It's only comparatively recently that letters, especially from a man to a
woman, ceased to be signed "Your obedient servant." To this day business
letters are signed "Yours faithfully". If you write that, do you really mean
it? If you don't write that, you'll be considered an ignorant oik.

> _I'm halfway convinced the only reason anyone still puts up with this shit
> is that Elizabeth in particular seems to be pretty cool._

Maybe, maybe not. It seems that you and most others are unaware that this is
simply one miniscule example in an entire ocean of formal diplomatic and
social protocol. Recently when giving a talk at one of the Livery companies in
London there were similar forms to which one adhered.

In short, I think that the people who are pointing and laughing and saying
it's stupid are those who don't actually know how it works and what it does.
I'm not defending it or saying it's rational, I'm merely saying that looking
in from the outside, you and others are speaking from a position of well-
reasoned ignorance. I grew up in an informal country, similarly thinking that
all this diplomatic protocol crap was an insult and a waste of time.

I was wrong.

Personally, I'm largely convinced that it's an unwillingness even to try to
understand the historical and cultural reasons for this sort of "shit" that
makes so many people in Europe so dismissive of so many Americans. I've lived
in three different cultures and seen this in action. One culture looks at
another not only with incomprehension, but an unwillingness to try to
understand. The Europeans have a multitude of cultures on their doorstep, and
many of them travel, so the situation isn't as bad. In the US there are
cultural differences across the states, but nothing like the differences
across the borders in Europe. As a consequence, it seems, people from the USA
seem much less able to see, understand, and adapt to cultural differences.

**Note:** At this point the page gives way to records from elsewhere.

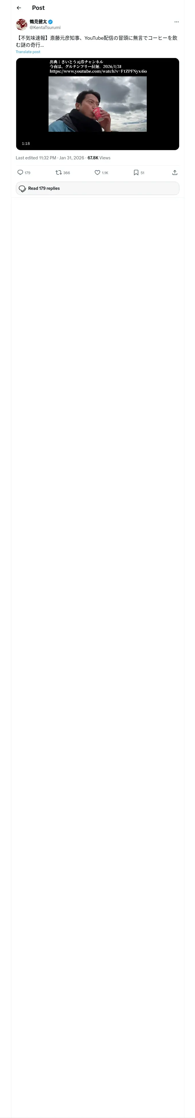 取得元URL: https://x.com:443/KentaTsurumi/status/2017606957314756987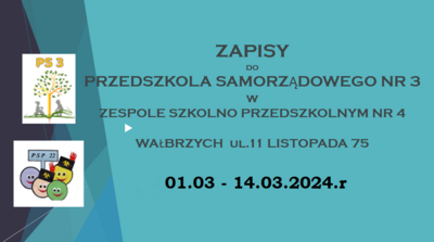 Zapisy do Przedszkola Samorządowego NR 3 w Wałbrzychu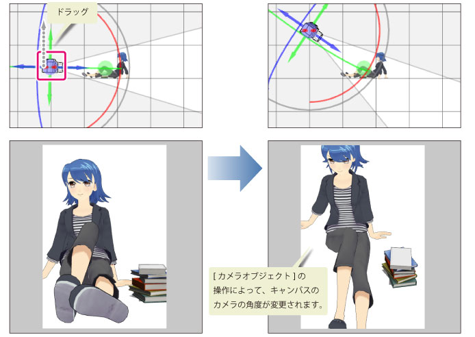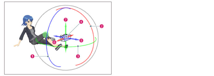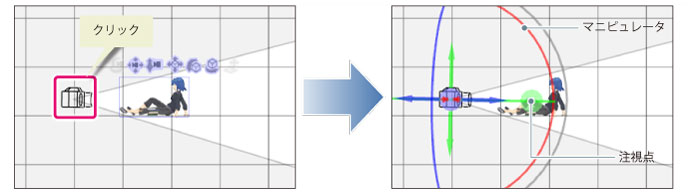 ·[カメラオブジェクト]をドラッグしても、カメラの位置や角度を変更できます。 ·[カメラオブジェクト]を操作しても、注視点の位置は変更されません。 ·[カメラオブジェクト]を操作しても、カメラは注視点に向いています。 |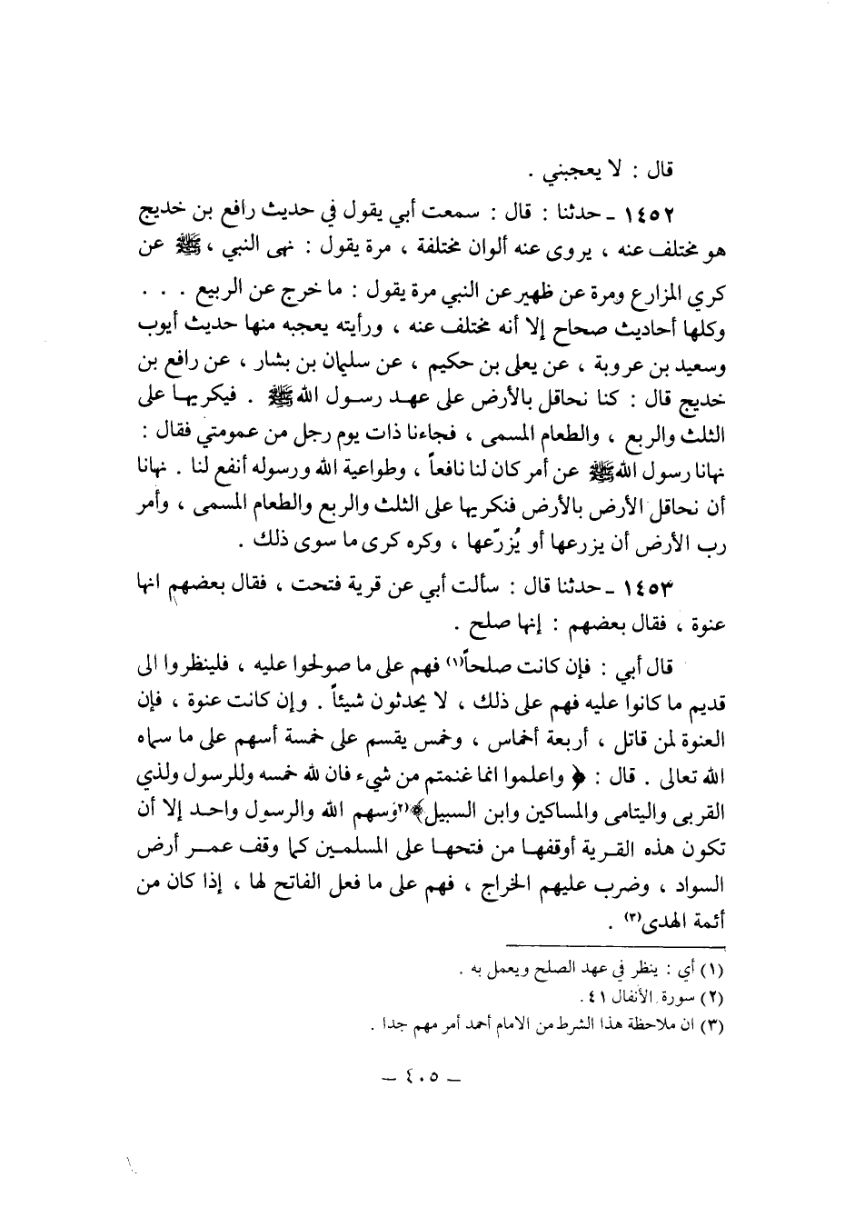 1452 - حَدثنَا قَالَ سَمِعت أبي يَقُول فِي حَدِيث رَافع بن خديج هُوَ مُخْتَلف عَنهُ يرْوى عَنهُ ألوان مُخْتَلفَة مرّة يَقُول نهى النَّبِي صلى الله عَلَيْهِ وَسلم عَن كري الْمزَارِع وَمرَّة عَن ظهير عَن النَّبِي مرّة يَقُول مَا خرج عَن الرّبيع وَكلهَا أَحَادِيث صِحَاح إِلَّا أَنه مُخْتَلف عَنهُ ورأيته يُعجبهُ مِنْهَا حَدِيث أَيُّوب وَسَعِيد بن عرُوبَة عَن يعلى بن حَكِيم عَن سُلَيْمَان بن بشار عَن رَافع بن خديج قَالَ كُنَّا نحاقل بِالْأَرْضِ على عهد الرَّسُول الله صلى الله عَلَيْهِ وَسلم فيكريها على الثُّلُث وَالرّبع وَالطَّعَام الْمُسَمّى فجاءنا ذَات يَوْم رجل من عمومتي فَقَالَ نَهَانَا رَسُول الله صلى الله عَلَيْهِ وَسلم عَن أَمر كَانَ لنا نَافِعًا وطواعية الله وَرَسُوله أَنْفَع لنا نَهَانَا أَن نحاقل الأَرْض بِالْأَرْضِ فنكريها على الثُّلُث وَالرّبع وَالطَّعَام الْمُسَمّى وَأمر رب الأَرْض أَن يَزْرَعهَا أَو يَزْرَعهَا وَكره كرى مَا سوى ذَلِك

Not all, of course, and perhaps not you. But think about it.

Hackers are historically reknowned for not accepting anything on faith, and
thereby ensuring that while they manage to invent things no one else has
thought of, they are equally constantly reinventing the wheel. That's changed
a lot lately, but there is still an air of "If it's not done the way I think
it should, then it's wrong." If you can accept that what someone else does
actually works and has some benefits, even if you wouldn't do it like that,
then you've taken a big step.

This is no longer Hacker News, but cultural differences exist in hacking, and
understanding is always worth striving for.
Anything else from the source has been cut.